To give you a sense of Z artist’s studio, here’s what a former employee shared anonymously: “The Studio Director — the artist's wife — was the one who I really worked for. Their relationship was highly fraught. She managed the business … and she was a micromanager. For the first year, until she trusted you to answer emails yourself, you had to copy her on every email you sent. Overnight, she would respond to you only if you did something she didn’t like in an email, and would tell you to email the person back with a new answer, copying her on your new response. It would be common to walk into the office in the morning to find a letter length list on your desk of things that you did wrong and needed to fix upon arrival that day. She would sit and eat breakfast behind us, watching us. Oh, and it was a silent office. No music / sounds / anything.”

 

What they describe is unpleasant on its face. But unlike the artist in this scenario, who is still an artist, working for Sachs became a point of no return for the pseudonymous Mary Anne: “I just can’t believe I wasted years of my life. I still have nightmares about it,” she said. “I really, really wanted this job, and I was so happy that I got it — but I don’t think I will work in the arts again.”

 

What are the most relevant takeaways from all this? Is the culture of big artists’ studios good for the artists who operate them? Is it good for the art world as a whole?

 

Sure, studios employ multiple artists, providing them steady work and, sometimes, good pay, connections and/or health insurance. However, the more artists there are employed in studios, the more the pyramidal structure of the art world perpetuates. That’s just basic math. Is it possible both to have numerous artist studios employing, for better or worse, substantial teams of artists, providing jobs for assistants who help their employers to realize their most ambitious projects — and maintaining an art community that is equitable to artists and artist workers alike? I don’t see how that can work. 

 

Through Instagram, I recently discovered the publishing platform GenderFail, run by Be Oakley. In their publication “Publishing Now: A Working Class Guide to Making a Living Off Self Publishing,” the book concludes with the section “I Want Everyone in the Art World to Be Middle Class: A Short Manifesto Against Rich and Powerful Artists.”

 

Most of us want an equitable art world.
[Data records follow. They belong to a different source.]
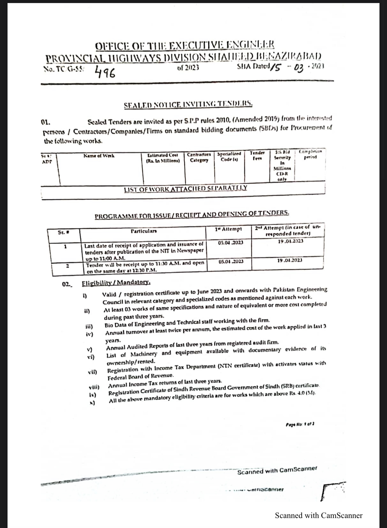 XEN PROVINCIAL HIGHWAY DIVISION KHAIRPUR MIRS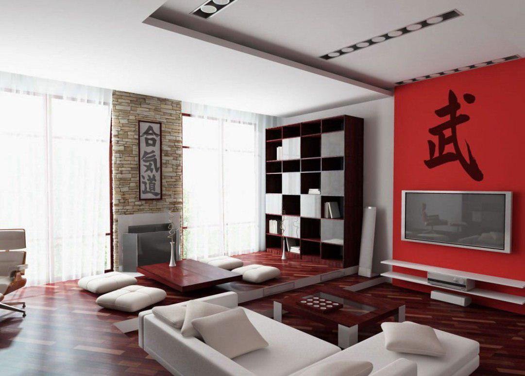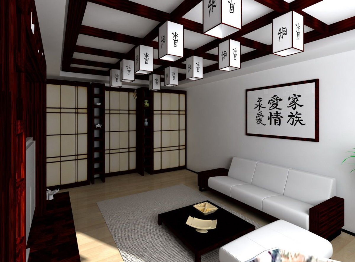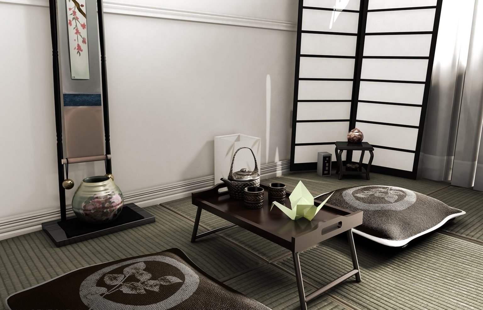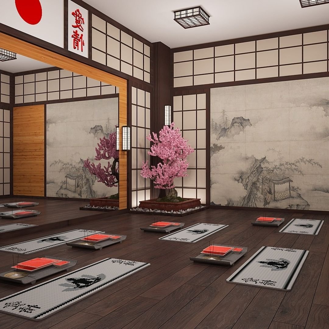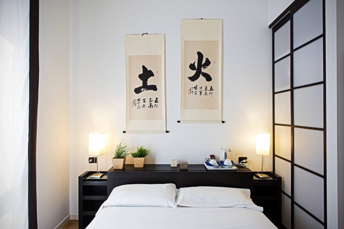 Обои Сакура в интерьере спальни в японском Восточном стиле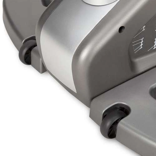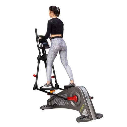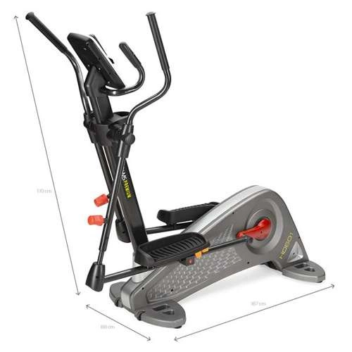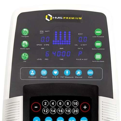 Wśród wyposażenia znalazł się komputer z czytelnym wyświetlaczem LED i dużymi przyciskami, który zaprezentuje pokonany dystans, czas, puls czy spalone kalorie. Do tego mamy 27 różnorodnych programów treningowych, wejście audio oraz wbudowane głośniki czy miejsce na bidon z napojem. Orbitrek HMS H0601 posiada również regulację konta nachylenia pedałów co wpływa na zwiększone zaangażowanie mięśni czworogłowych uda oraz łydek podczas sesji treningowej.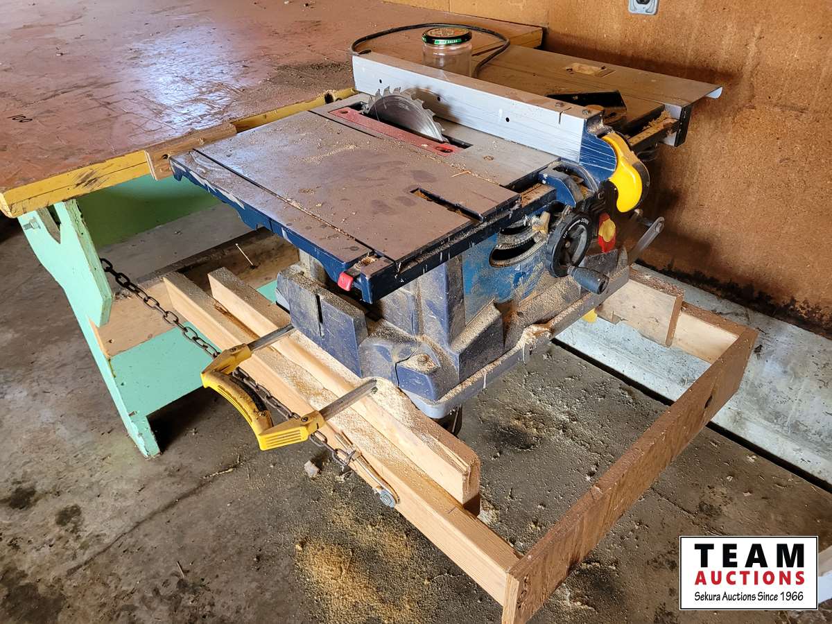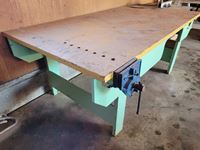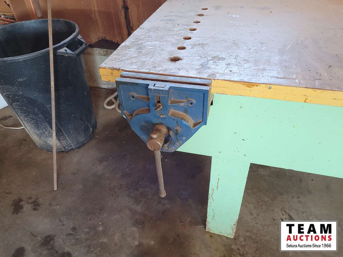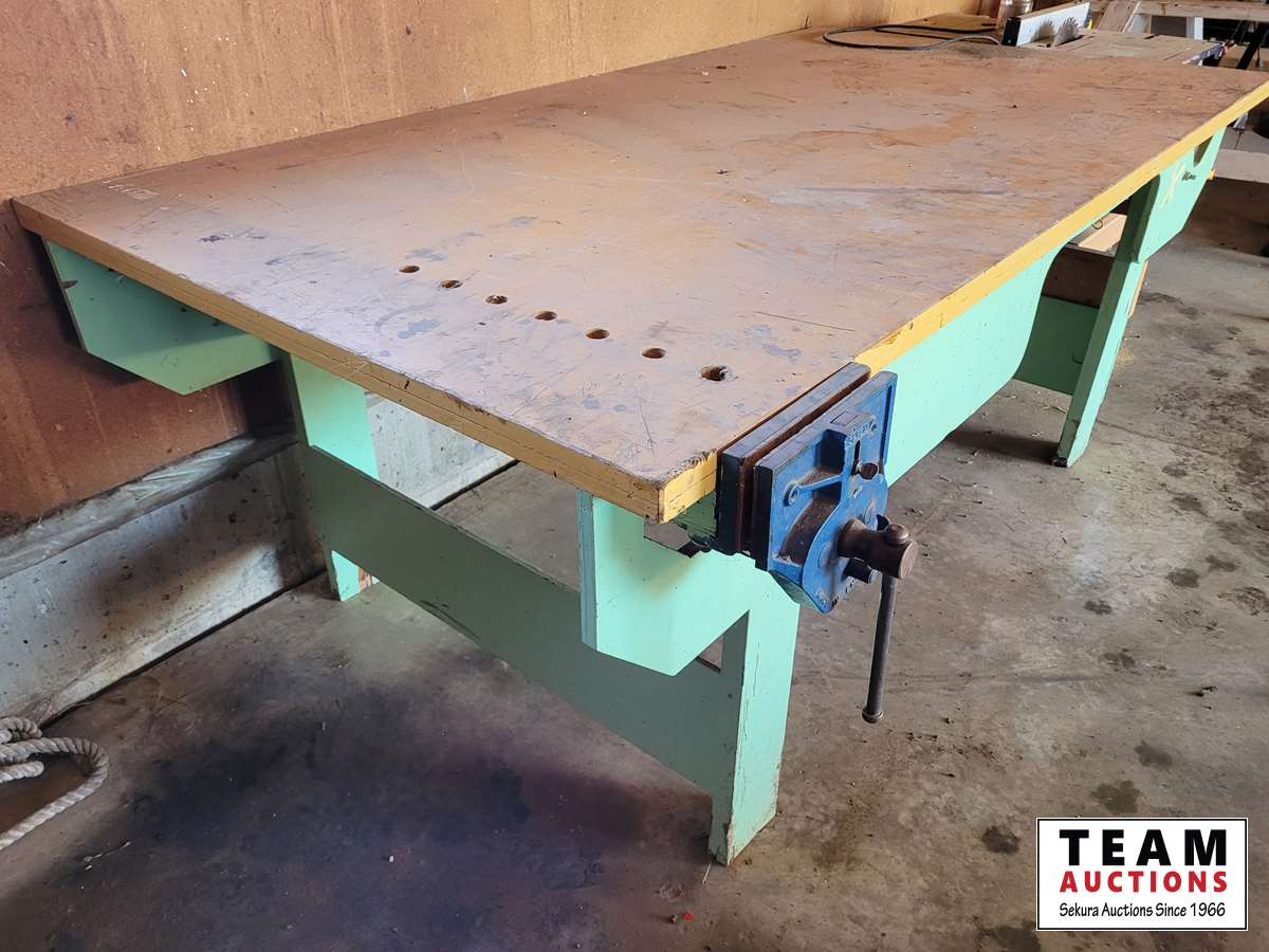29 Mastercraft 14 Inch Table Saw & Vise Attached to 4 X 8 Table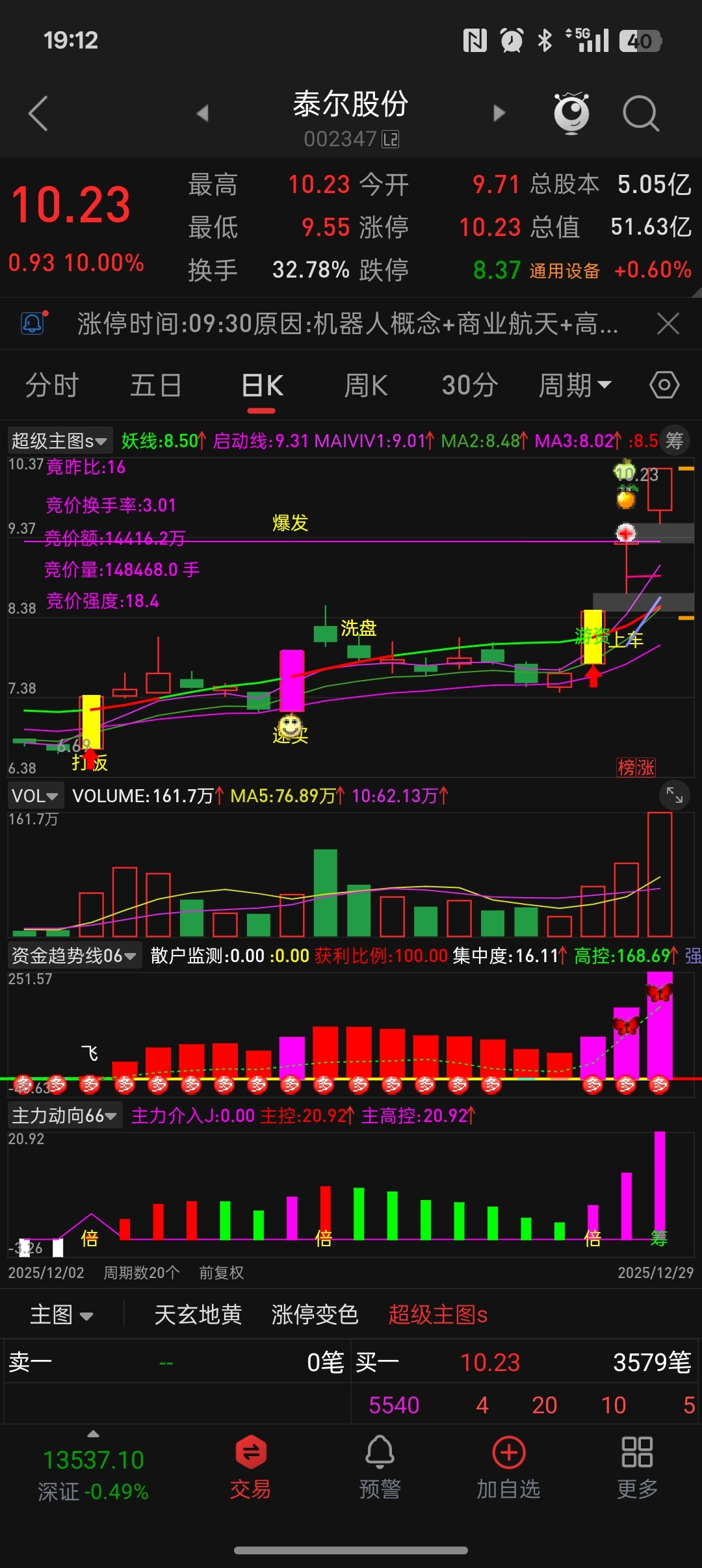 $泰尔股份(SZ002347)$ 以后过了紫线就上,好多都是上了紫色线一路飙升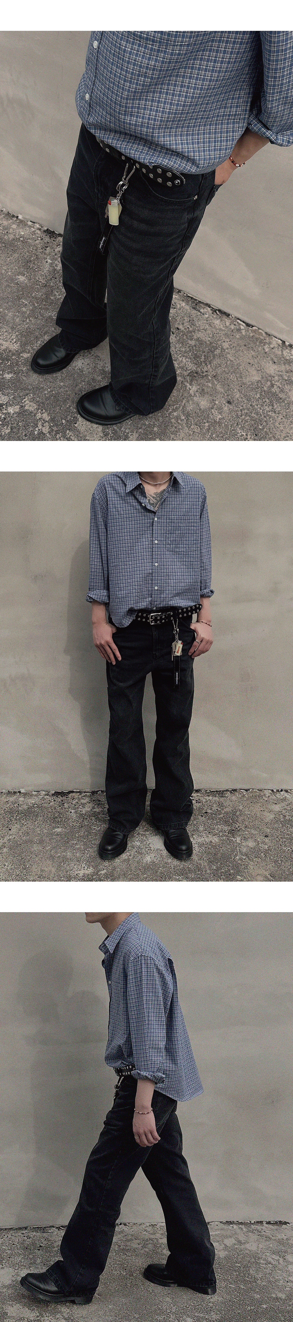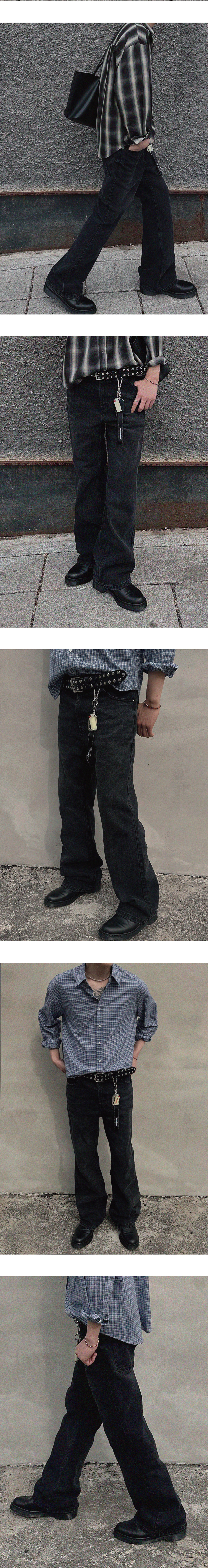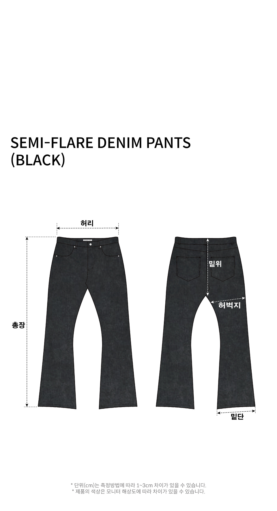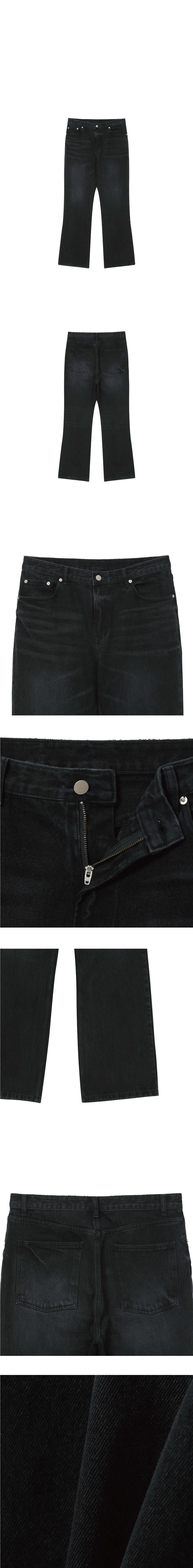 - 세미 플레어 실루엣 - 13.5oz 블랙 데님 원단 - 바이오 워싱 가공 - 캣브러쉬, 도밍고 가공 - YKK 지퍼 사용 - 허리, 밑단 디스 디테일 - 모델 180cm / 70kg * 후가공 및 워싱 공정으로 인해 개체에 따라 톤 차이 및 약간의 데미지가 있을 수 있습니다.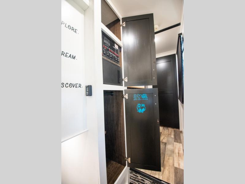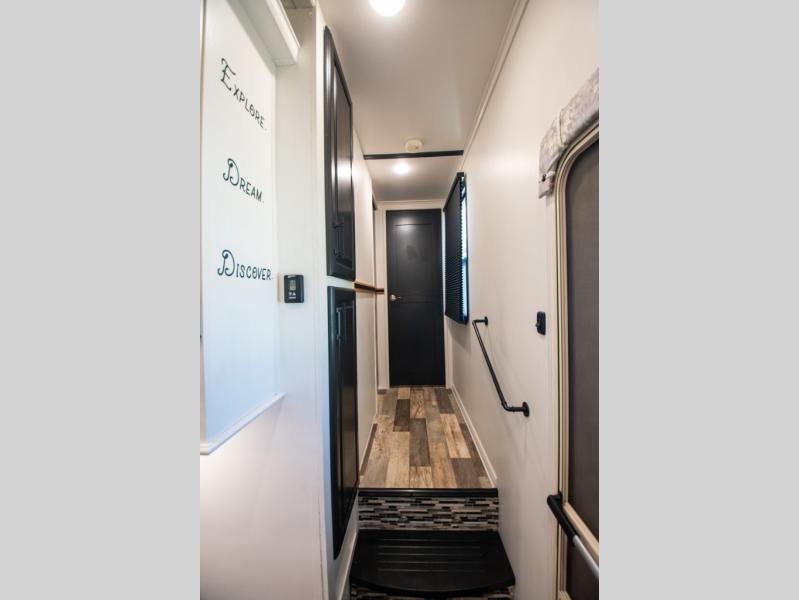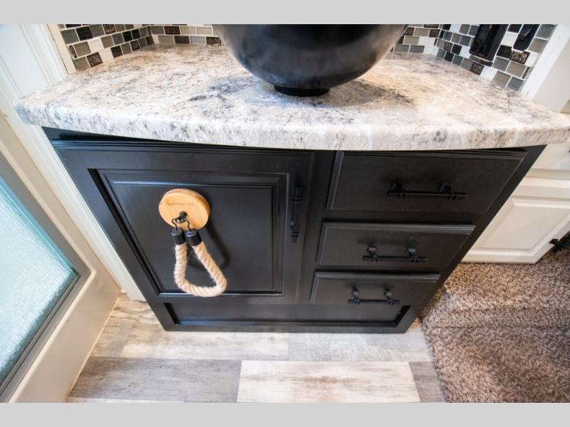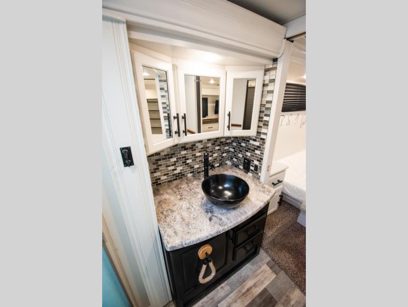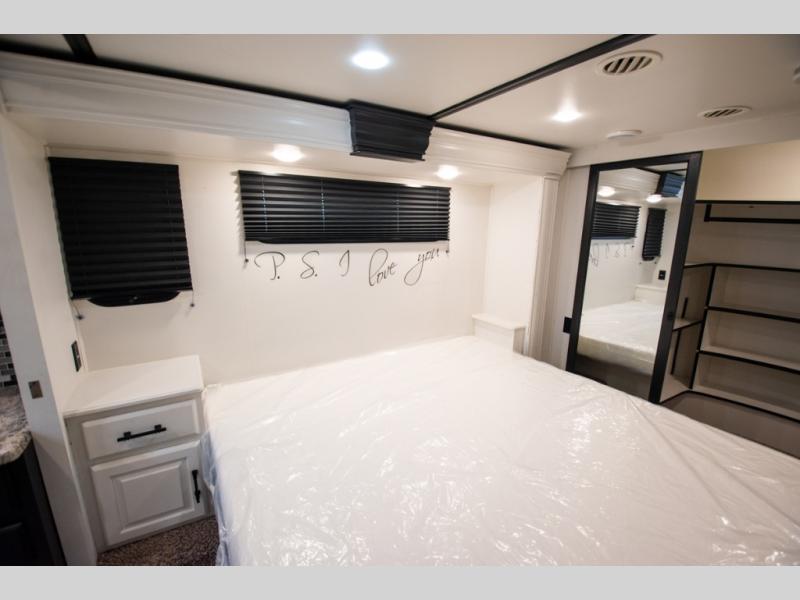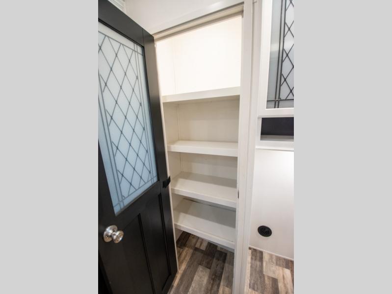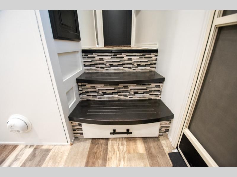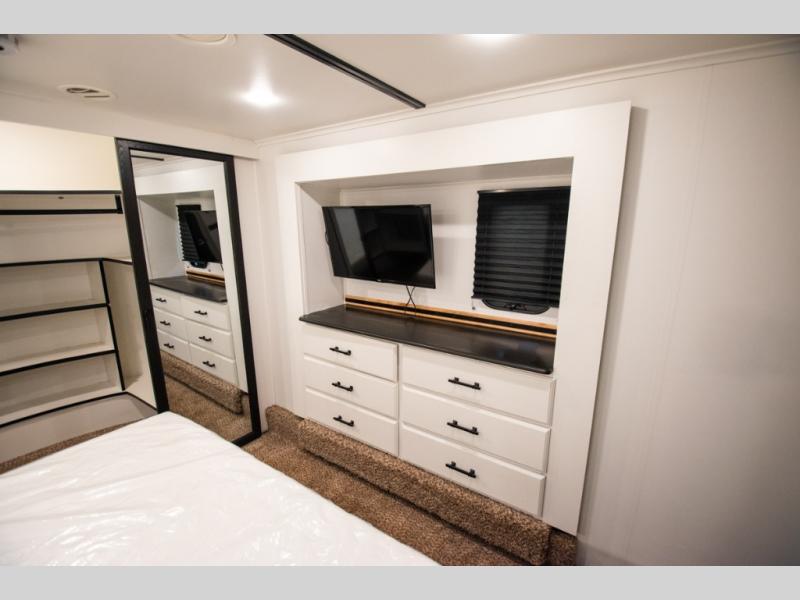 If you have been searching for a livable fifth wheel, this Solitude 384GK might be the one! Just imagine making breakfast with the professional grade stainless steel cooktop and convection microwave. You might even prepare and serve the food on the kitchen island, and store leftovers in the stainless steel 18 cu. ft. four door refrigerator. When you and your spouse aren't exploring outside, you can work at the desk, or watch your favorite show on the big screen LED TV in the living area while staying warm by the fireplace. You will find plenty of storage throughout including for your shoes, dry goods, linens, and your wardrobe. You might even decide to add a washer and dryer, a dishwasher, and a pull-out kitchen outside. Come sit in this Solitude to see how comfortable you will be!

But in an art world chock full of elite artists running poly-staffed teams making up the top of the pyramid, things will not change for the artists in the middle, let alone at the wider base. In an Instagram post about “A Working Class Guide,” GenderFail wrote: “Our day to day lives are affected by capitalism, by having little or lots of money. To needing money for living expenses. In these limited terms I fall into the middle class category, and since this system exists, I’d rather we all be middle class, in terms of having a living wage, having enough money to make our work and having resources for the future, than this system of unequal access to money.”

 

Sounds reasonable to me. On the road to greater equity there will need to be far fewer Big Artists Studios like Sachs’. At the present time it’s a system that favors the hoarding of capital, coopting the brain power and the emotional resources that for the rest of us are so often in short supply. But overturning a culture enabling the centralization of artists’ studios is akin to overturning predatory capitalism: it’s a big, seemingly intractable ask. You have to start somewhere, though, and dreaming of such a change is a good place to start.